Solving the SQL Murder Mystery
Posted on
I saw this SQL Murder Mystery appear on Hacker News recently, thought it sounded fun, and figured I’d do a quick write-up of how I worked through it.
If you want to follow along, go ahead and download the SQLite database
(which is copyright NUKnightLab and redistributed here under the MIT
license). You’ll need some kind of SQLite client to interact with it (I
just used the sqlite3
CLI tool).
In addition to the database, it’s very helpful to start with a prompt:
A crime has taken place and the detective needs your help. The detective gave you the crime scene report, but you somehow lost it. You vaguely remember that the crime was a murder that occurred sometime on Jan. 15, 2018 and that it took place in SQL City. Start by retrieving the corresponding crime scene report from the police department’s database. If you want to get the most out of this mystery, try to work through it only using your SQL environment and refrain from using a notepad.
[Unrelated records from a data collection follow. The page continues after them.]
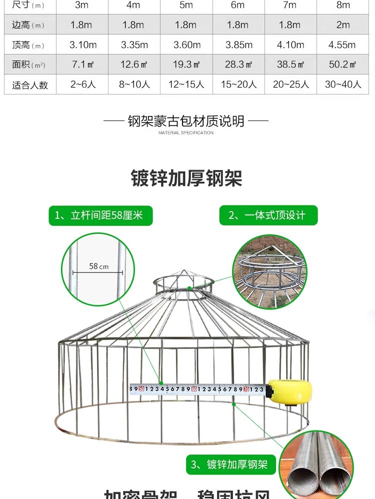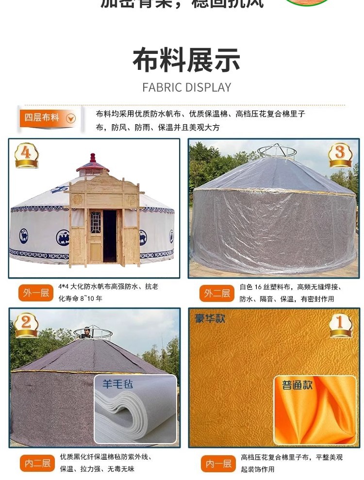 몽골 텐트 농가 식사 활동용 캔버스 야외 차양 숙박용 두꺼운 방풍 보온 캠핑용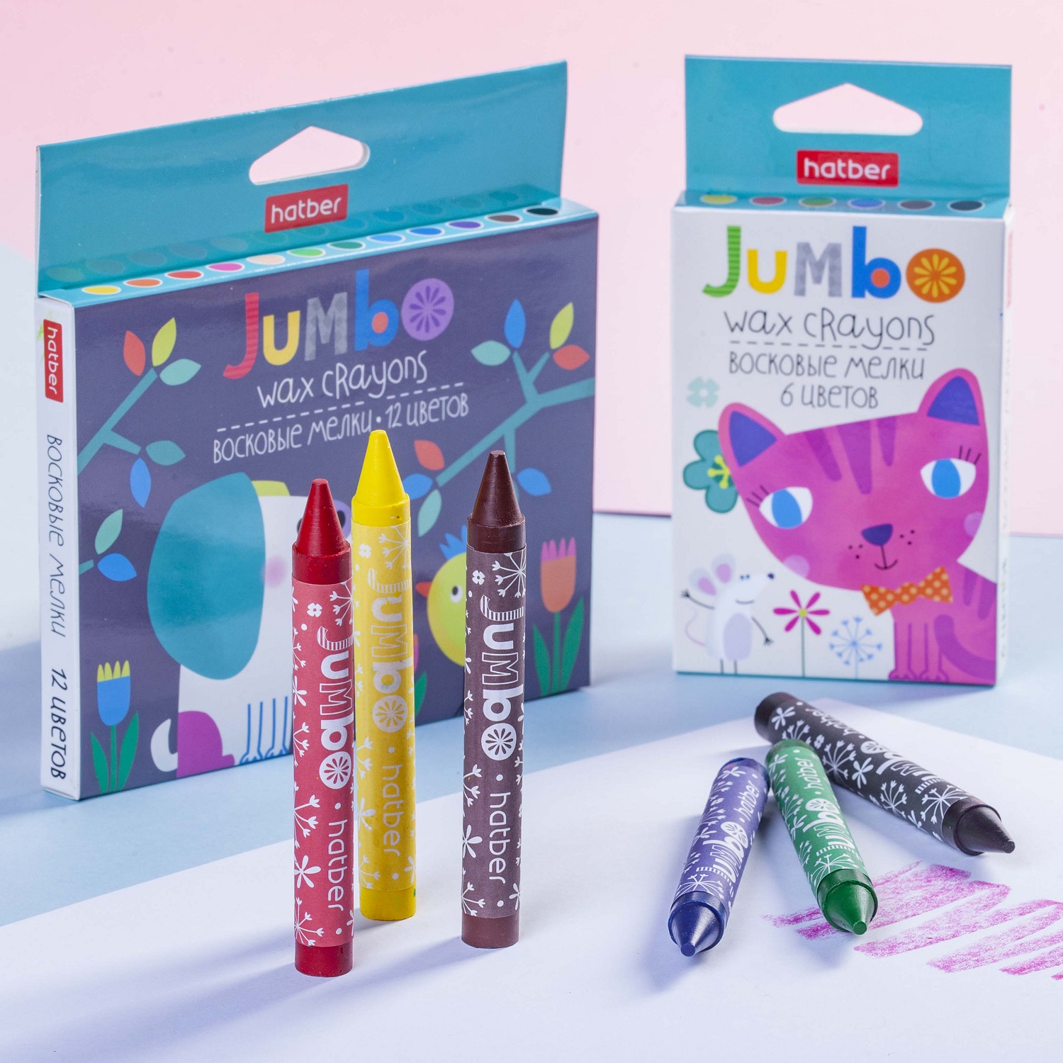 Для маленьких детей подходят утолщённые круглые восковые мелки JUMBO в наборах из 6 и 12 цветов.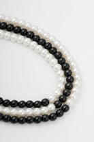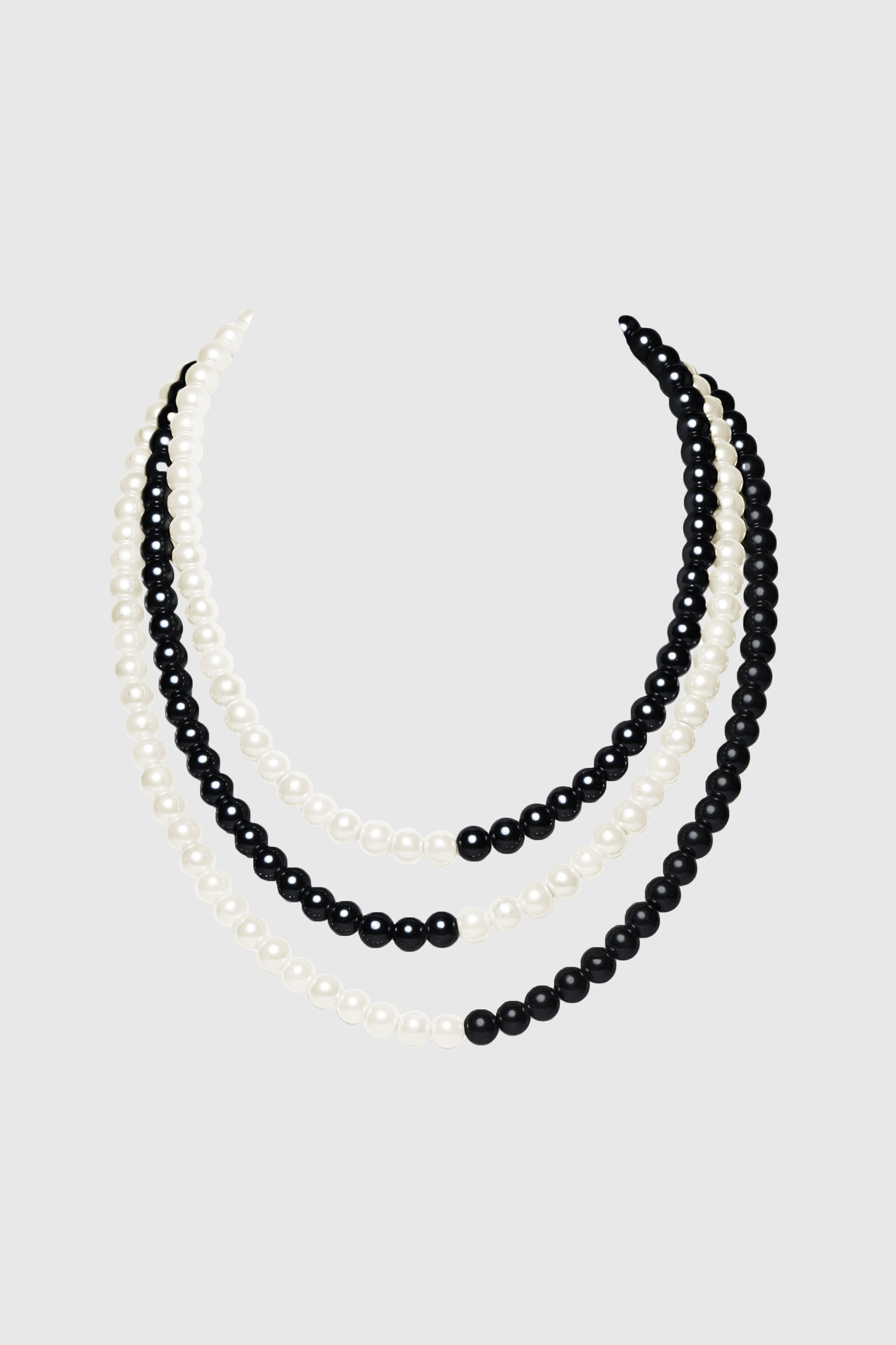 Make a stylish impression with this timeless layered necklace. Its triple-strand design and contrasting beads create a perfect harmony of elegance and boldness.

Let’s start by seeing what tables are available. The sqlite3
CLI uses
meta-commands that start with a dot, like this:
sqlite> .tables
crime_scene_report get_fit_now_check_in interview
drivers_license get_fit_now_member person
facebook_event_checkin income solution
Okay, let’s start with finding our crime scene report. First, we’ll need to know
what the data looks like. We can learn about this with the .schema
sqlite> .schema crime_scene_report
CREATE TABLE crime_scene_report (
date integer,
type text,
description text,
city text
Okay, seems pretty straightforward. The only thing I’m not quite sure about is how the date is being represented -- it’s just stored as an integer. A UNIX timestamp perhaps? Let’s sample the data:
sqlite> select date from crime_scene_report limit 5;
date |
20180115 |
20180115 |
20180115 |
20180215 |
20180215 |
Okay, seems it’s just being stored as YYYYMMDD. Let’s take a crack at finding the crime scene report! We know the type (murder) and the city (SQL City). Let’s be generous with the date and assume it was sometime in January of 2018:
sqlite> select * from crime_scene_report
...> where type = 'murder'
...> and city = 'SQL City'
...> and date between 20180101 and 20180131;
date | type | description | city |
20180115 | murder | Security footage shows that there were 2 witnesses. The first witness lives at the last house on "Northwestern Dr". The second witness, named Annabel, lives somewhere on "Franklin Ave". | SQL City |
Great, there’s only one row that matches our broad date criteria! Let’s see if we can track down these witnesses. First, let’s see how the data we need is structured:
sqlite> .schema person
id integer PRIMARY KEY,
name text,
license_id integer,
address_number integer,
address_street_name text,
ssn integer,
FOREIGN KEY (license_id) REFERENCES drivers_license(id)
sqlite> .schema interview
CREATE TABLE interview (
person_id integer,
transcript text,
FOREIGN KEY (person_id) REFERENCES person(id)
Okay, so we need to find the two rows in the person table, and then use their ids to cross reference their interview text. This is “the big idea” with relational databases, joining data in several tables based on something they have in common.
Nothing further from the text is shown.